The company unveiled an impressive list of partners (VMware, EMC and BMC are the key ones) that will provide the building blocks of this new platform called Unified Computing System (UCS), and provided some scarce information about some of its hardware components. But it didn’t unveil anything about the most important part of the system: its control center, the UCS Manager, that will have to integrate everything in a seamless way.
Anyway in the last three days a lot of information about the platform were leaked.
Scott Lowe summarizes some of them in his last post:
…there are three different CNA families targeted at different markets: high-performance Ethernet, compatibility with existing driver stacks, and virtualization.
…
[the virtualization CNA] will utilize SR-IOV (Single Root I/O Virtualization), a PCI SIG standard for allowing a physical network adapter to present multiple virtual adapters to upper-level software, in this case the hypervisor. This eliminates the need for the hypervisor to manage the physical network adapter and allows VMs to attach directly to one of the SR-IOV virtual adapters.
It will utilize Intel I/O Acceleration Technology (Intel I/OAT) to minimize bottlenecks in the hardware and allow the server to better cope with massive dataflows like those generated by 10GbE adapters.
It will use Intel Virtual Machine Device Queues (VMDq) to improve traffic management within the server and decrease the processing burden on the VMM, i.e., the hypervisor…

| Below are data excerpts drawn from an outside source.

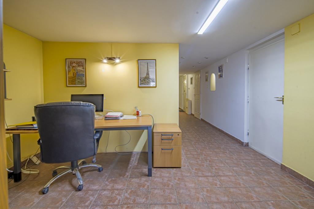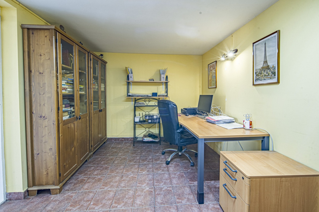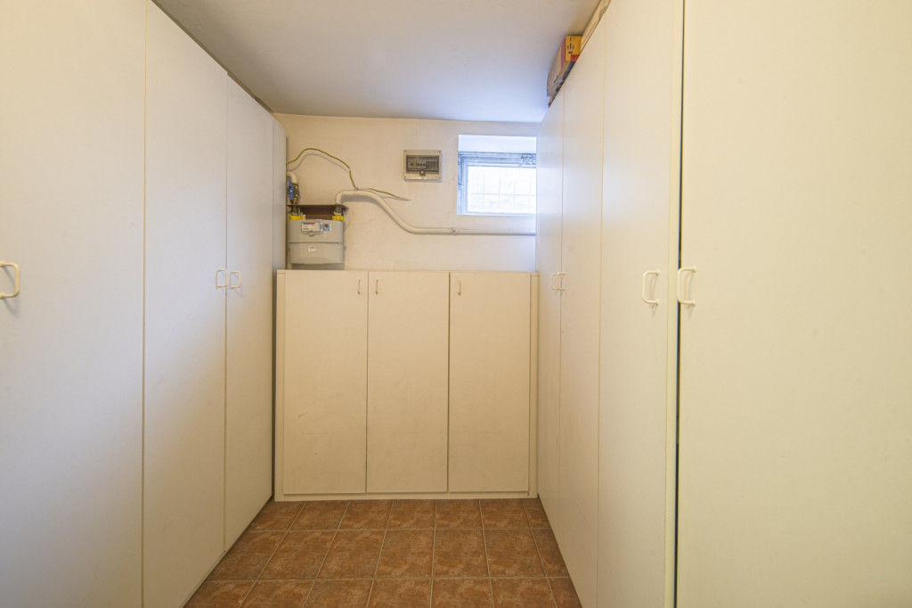 A telek adottságainak köszönhetően az alsó szinten egy nagyméretű, 59 m²-es nappali, egy háló, egy gépészettel ellátott fürdőszoba, valamint 120 m²-en három tároló található, amelyekből akár három külön szoba is kialakítható, ahonnan közvetlen kijárat nyílik a kertbe.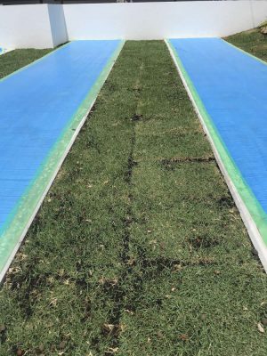 一時移転中のサンエルホーム加須店ですが、先日オープンしましたNEWモデルハウスの芝が連日の夕立で青々と根付いております。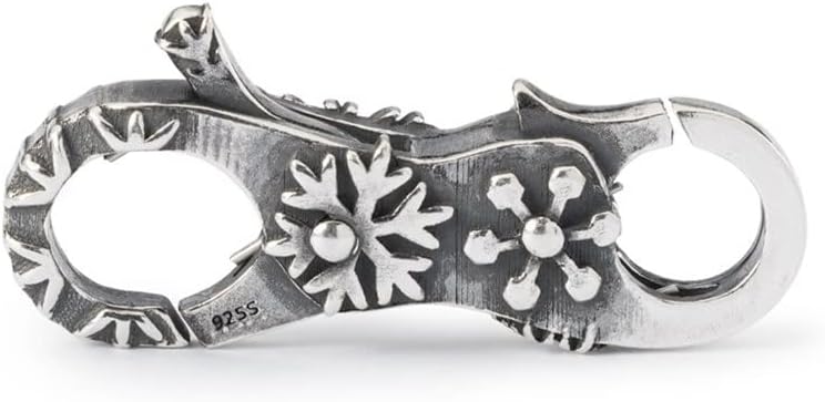 The Sterling Silver 925 Stay Together Clasp from Trollbeads is a delicate and charming accessory, perfect for the winter season. Featuring a hexagonal design with intricately detailed snowflakes, this clasp is designed by Sren Nielsen and is part of the Holiday collection. Made of fine silver and weighing 3.57 grams, this clasp is suitable for both unisex and is intended for jewelry making, with attachment options including Silver Bracelet or Necklace. Proper care for silver jewelry includes avoiding contact with water, chemicals, and perfumes, and storing the jewelry in a cool, dry place.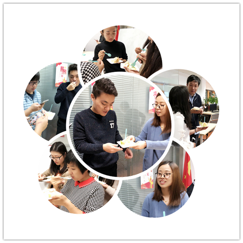 由于我们的田总会议缠身,所以单独和蛋糕合影留念后马上又投入到工作中啦。会议室里大家点上蜡烛,唱起那熟悉又温馨的歌谣,把祝福通过歌声传递给寿星们。随后由我们的俞总切下了第一块蛋糕,我们的明明姐亲手把蛋糕分到大家手上,分享祝福给大家。

Chad Sakac, Vice President of VMware Technology Alliance at EMC, adds more details on his personal blog:
…[The Cisco] VN-Link can apply tags to ethernet frames – and is something Cisco and VMware submitted together to the IEEE to be added to the ethernet standards.
…
It allows ethernet frames to be tagged with additional information (VN tags) that mean that the need for a vSwitch is eliminated. the vSwitch is required by definition as you have all these virtual adapters with virtual MAC addresses, and they have to leave the vSphere host on one (or at most a much smaller number) of ports/MACs. But, if you could somehow stretch that out to a physical switch, that would mean that the switch now has “awareness” of the VM’s attributes in network land – virtual adapters, ports and MAC addresses. The physical world is adapting to and gaining awareness of the virtual world…
More to come.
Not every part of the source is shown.